Index of the  (i,j)th element = the number of elements in (i - 1) rows + j
= (1 + 2 + ... + i-1) + j
= [i(i-1)/2] + j
Hence option (c)
Whole trick to this question is to guess if array start with 1 or zero. As they have not mentioned you have to consider both the cases and then go by the concept of row major.
First case:

if array start with zero then we have to cross n rows and j number of element in the last column. As each row will be containing elements in increasing order like 1st row will contain 1 non zero element. 2 will 2 non zero.
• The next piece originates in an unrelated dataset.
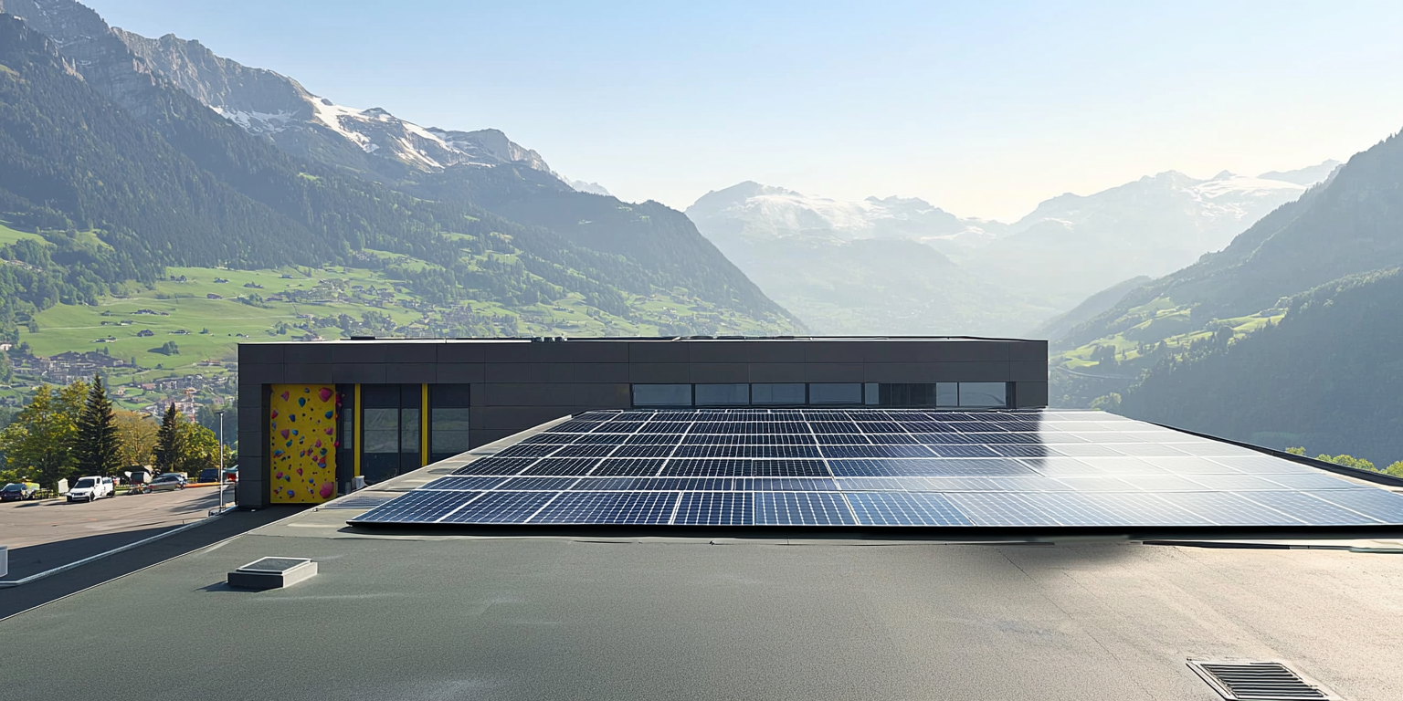 The Münchenstein-based electricity producer aventron AG opened its new solar power plant in Näfels on March 27, according to a press release. The system is located on the roof of the bouldering hall, which is part of the Lintharena building complex. While the Verein Kletteranlagen Linthgebiet (VKL) has made the roof of the bouldering hall available for the solar system, the system itself is fully owned by aventron.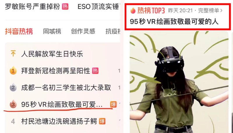 在這之后,她的作品和個人賬號都獲得了更多關注。她與CCTV4合作的端午主題作品,通過自己的賬號發(fā)布,在快手和抖音分別有數(shù)十萬點贊;與央視新聞合作的八一特輯作品,登上抖音Top3;與人民日報合作的迎接在韓志愿軍烈士遺骸歸國的VR畫作MV登上微博要聞Top3;與江蘇衛(wèi)視合作的跨年陣容猜想登上微博熱搜Top17……

So total number of element we have to cross can be represented as the sum of natural numbers.

similarly if it start with 1 replace i and j with (i-1) and j-1 respectively.
You will get option C.

Option C in actual gate paper is correct. See the explanation below.

Although best answer contain all information but i want to demonstrate by example lets take one example of 3x3 lower triangular matrix

 1 0 0 2 3 0 4 5 6

now above matrix is stored on following basis in new representation

 1 2 3 4 5 6

Now to find index of (i,j)th element by assuming that both array representations are starting from 1.

now lets find the location of element (2,2) by all options

A) i+j = 2+2 = 4 (wrong)

B) i+j-1 = 2+2-1 =3 (right) but check for (3,1) and it will give the same answer so (wrong).

C) (j-1) + i(i-1)/2 = 1 + 2.1/2 =2 (wrong)

D) i + j(j-1)/2 = 2 + 2.1/2 =3 (right) check for (3,1) also it will give the same answer so (wrong).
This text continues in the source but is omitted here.